Além do caso do ministro do Turismo, outro alvo de suspeitas sobre a aplicação irregular de recursos públicos foi o deputado federal pernambucano Luciano Bivar, presidente do PSL, partido pelo qual Jair Bolsonaro se elegeu presidente.
Duas funcionárias do PSL, Maria de Lourdes Paixão e Érika Santos, receberam respectivamente R$ 400 mil e R$ 250 mil do PSL. Paixão, que teve apenas 274 votos, informou em sua prestação de contas naquele ano que gastou 95% do dinheiro em uma única gráfica.
A PF fez buscas em endereços de Bivar e na sede do partido no Recife em outubro passado.
Outro caso envolve a suplente de deputada federal Maria Aparecida dos Santos, mãe do fundador do PROS, Eurípedes Macedo Júnior. Ela teve o diploma cassado no Tribunal Regional Eleitoral de Goiás no fim do ano passado após não apresentar documentação comprovando a destinação dos recursos do fundo.
Acusada de pagar despesas até de uma aeronave com esse dinheiro, pela decisão, ela terá que devolver R$ 1,2 milhão.
Em novembro passado, a PF deflagrou operação contra Sonia Alves, uma ex-candidata a deputada estadual do DEM no Acre que recebeu R$ 240 mil do diretório nacional da sigla, mas teve apenas seis votos.
O TSE (Tribunal Superior Eleitoral) fala que a melhor maneira de coibir esse tipo de desvio das verbas públicas é ampliando o trabalho das áreas de inteligência da Justiça Eleitoral, que incluem a análise das prestações de contas entregues por partidos e candidatos.
Técnicos da corte eleitoral, que organiza as eleições, atuam cruzando as informações das receitas e despesas dos candidatos com bases de dados públicas, em busca de indícios de movimentações atípicas que podem apontar irregularidades.
Assim, essa área técnica, por exemplo, analisa junto a informações da Receita a capacidade de serviço de empresas incluídas na lista de fornecedores, verifica se cabos eleitorais estão em bases de dados de pessoas que morreram e cruza os valores de notas fiscais eletrônicas com despesas com prestadores de serviço.

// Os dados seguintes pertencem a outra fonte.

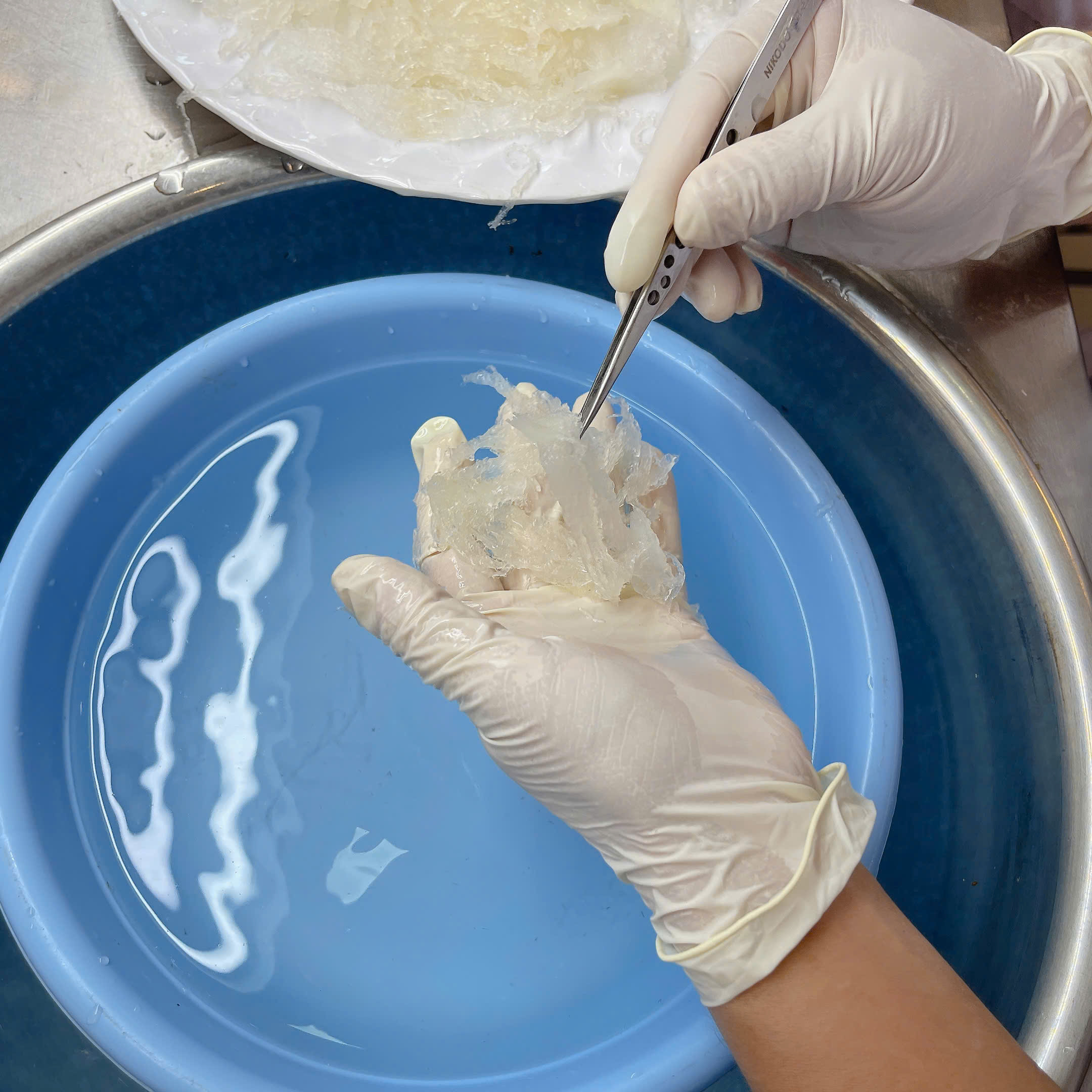 Bước 4: Loại bỏ tạp chất và làm sạch yến sào.
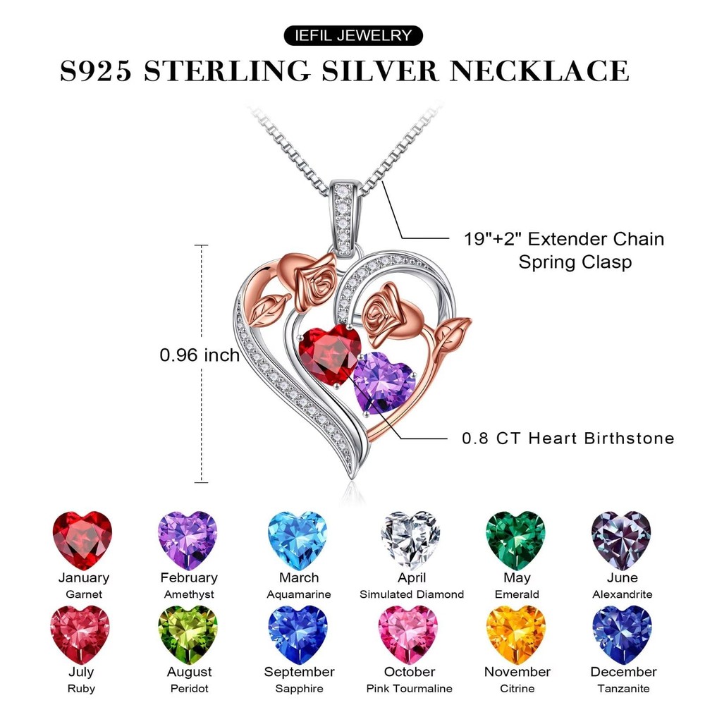 925 Sterling Silver Rose Heart Birthstone Necklace: Size: 19"+2" Material: 925 Sterling Silver Package: The rose heart pendant necklace is packaged well with a polishing cloth and a delicate PU Jewelry box. Jewelry Gifts for Women: ❤ Mom Gifts ❤ Birthday Gifts ❤ Wife Gifts ❤ Anniversary Gifts for Women Gifts for Women: Best Gifts for women. She will love it the moment she see it. We believe it will be a sentimental surprise for her. Jewelry Attention: When undressing the necklace, wipe each piece with a clean soft cloth to remove oils and perspiration. UNIQUE DESIGN:The unique rose heart design symbolizes eternal love, when she wears this necklace, she will be reminded of your love. The necklace is the perfect gift not only to express your love, but also to express your love for your wife, daughter, mother and other people you love. Wearing this 925 Sterling Silver Rose Heart Necklace you will get compliments from everyone around you. The chain length is 19"+2", suitable for most women. GIFTS FOR WOMEN: You can provide this rose heart birthstone necklace to your mother, daughter,wife on Anniversary,birthday party and other special occasions.This necklace is the perfect gift to express your love for her on any occasion! MATERIAL: Our rose Heart Birthstone necklace is made of 925 Sterling Silver, hypoallergenic and nickel-free,does not cause allergic reactions and does not damage to your skin.Our birthstone necklace is no fading,show your noble and maintaining a long-lasting luster for long time. DAINTY GIFT PACKAGE: The dainty rose heart birthstone necklace comes with a beautiful PU jewelry box and a polishing cloth, ready for giving. And our packaging is 99% biodegradable. Perfect gifts for your mom, wife, daughter, sister, friend on Birthday or other special days. AFTER SALES SERVICE: Any question about your Rose Heart Birthstone Necklace, please contact us and we will answer your question within 24hours and give you a satisfactory answer.
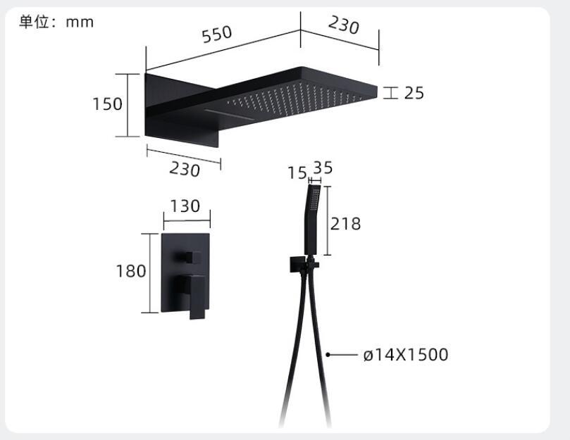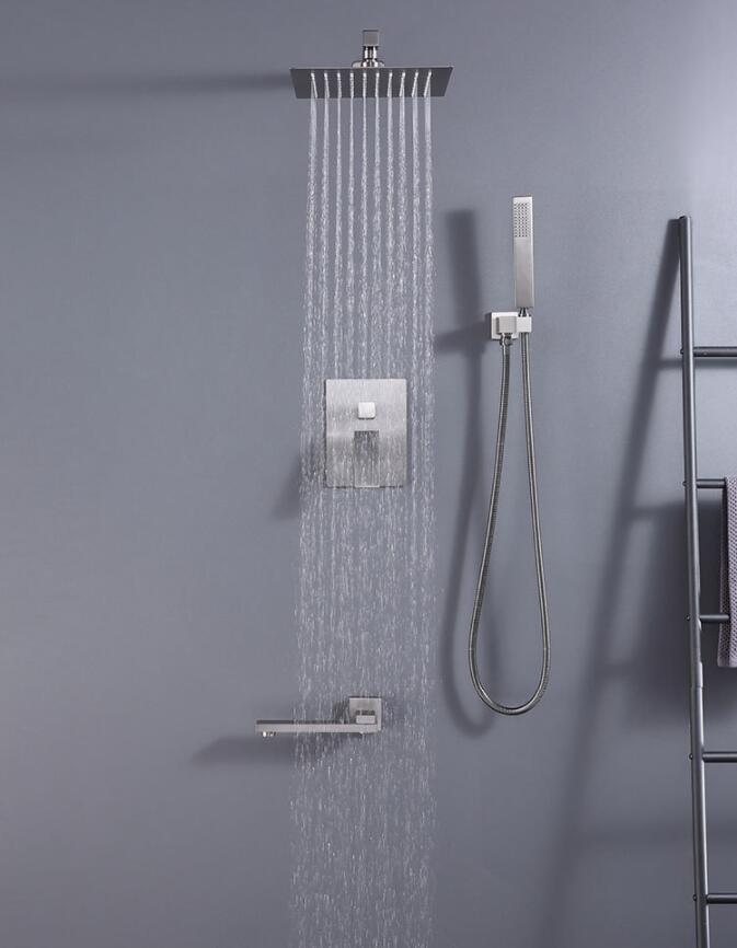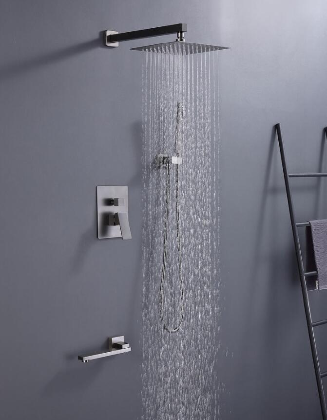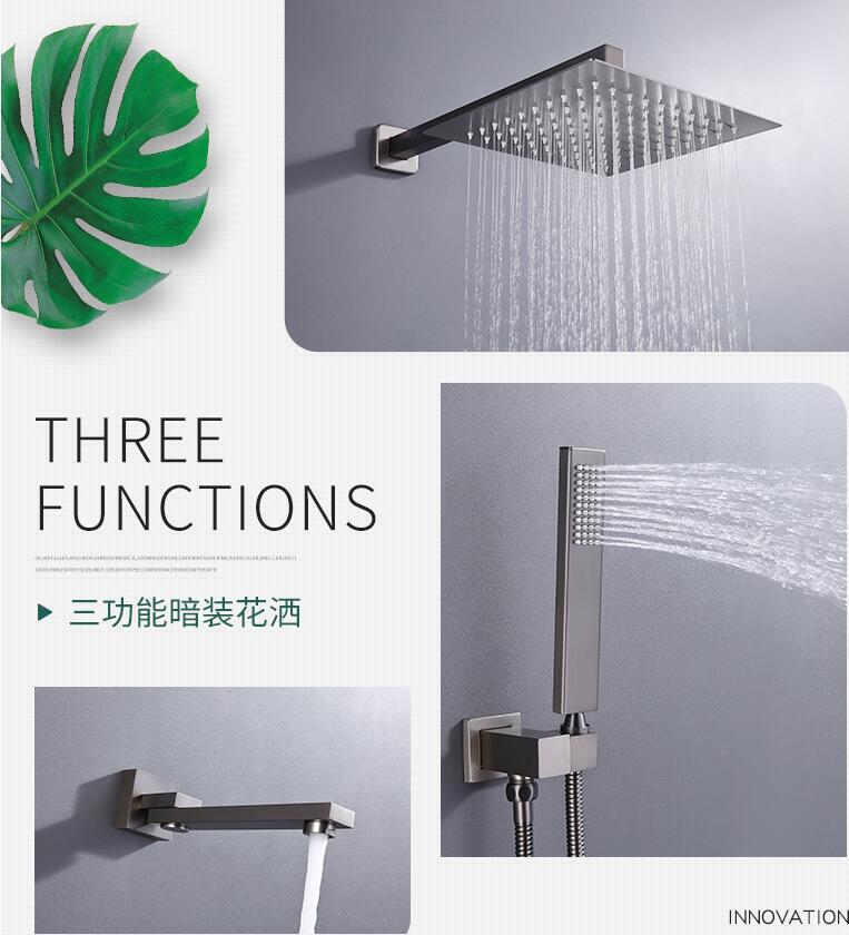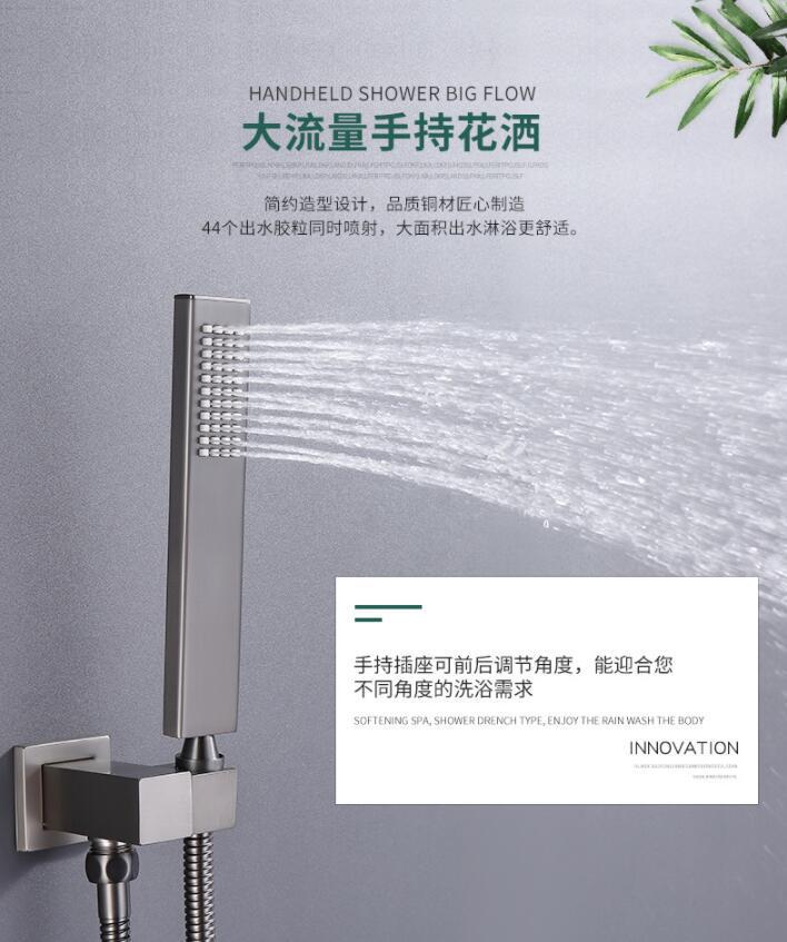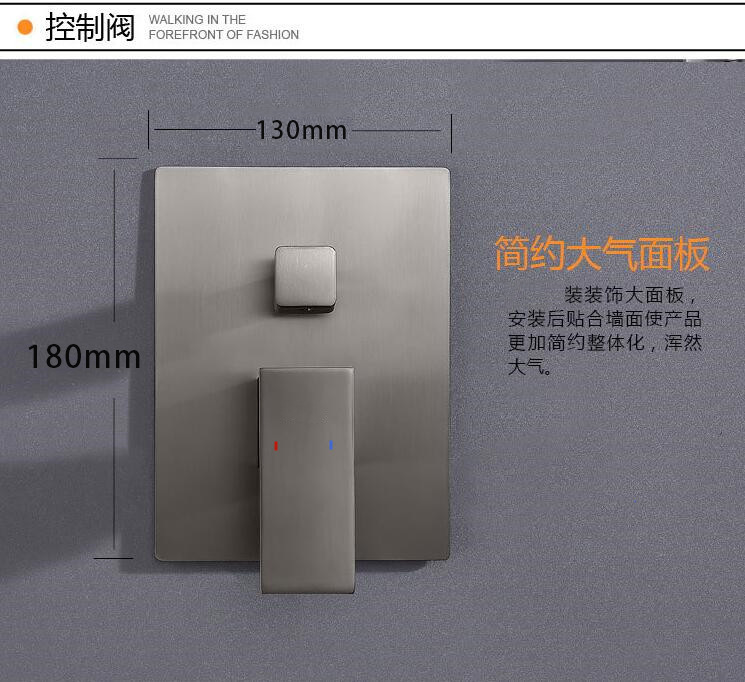 총 회색 스테인레스 스틸 숨겨진 샤워 샤워 욕실 벽에 숨겨진 샤워 수도꼭지 세트
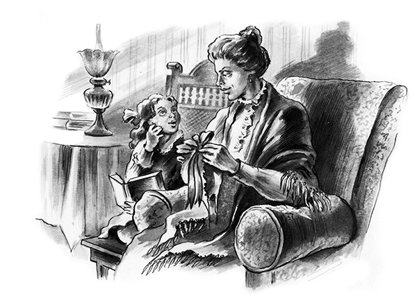 Среди дня Ариша убирала все лишнее с покрытого белой салфеткой стола, стоявшего у изголовья больной, и приносила обед. Соня добилась разрешения обедать тут же, сидя у стула на маленькой ножной скамеечке, и это последнее удовольствие окончательно примирило ее с маминой болезнью.
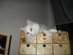 Экзема... Увы, у нас это периодически вылазит, мы уже привыкли. Когда сильное обострение- пьем таблетки, это летом обычно, а так- просто обрабатываем- дезинфицируем. Как мне сказали- это не лечится, только обострения снимать отчасти. Если все время на кортикостероидах- рядя преднизолона- держать, обострений может и не быть- но киса долго не проживет, иммунка просто умрет. Увы, последствия подвального происхождения. Пося живет за всех своих ратьев и сестер- больше никто не выжил, не успели спасти. Поэтому Посе у нас очень много позволяется! А уж если можно Посе- как запретить Алисе? Вот и стараемся создать им "кошкин рай"- насколько можем, конечно!
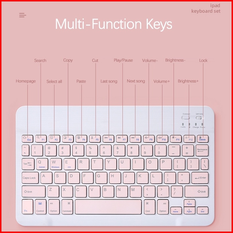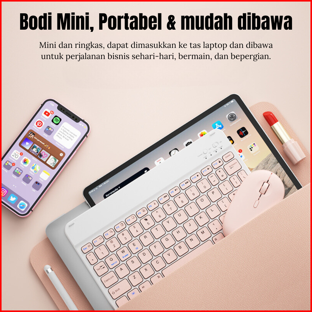 Keyboard Mouse Set Wireless Bluetooth 10 Inch Lightweight Portable Colorful For Laptop Pc Tab Phone

Outros focos são empresas de dirigentes partidários suspeitas de receber recursos dos candidatos e a checagem da movimentação bancária das candidaturas.
Se houver indícios de irregularidades, os técnicos comunicam as autoridades locais, como o Ministério Público, que podem, por exemplo, abrir investigação e pedir diligências para a polícia.
Eron Pessoa, que é responsável pela assessoria de exame de contas eleitorais e partidárias do TSE, diz que, diante da “magnitude da eleição e os valores envolvidos”, é preciso direcionar a fiscalização por meio do trabalho de inteligência.
“É o maior montante da história das eleições desde a redemocratização do país. Isso acaba gerando um fluxo de documentos e de dados muito grande para a fiscalização da regularidade do gasto. Aumenta na mesma proporção”.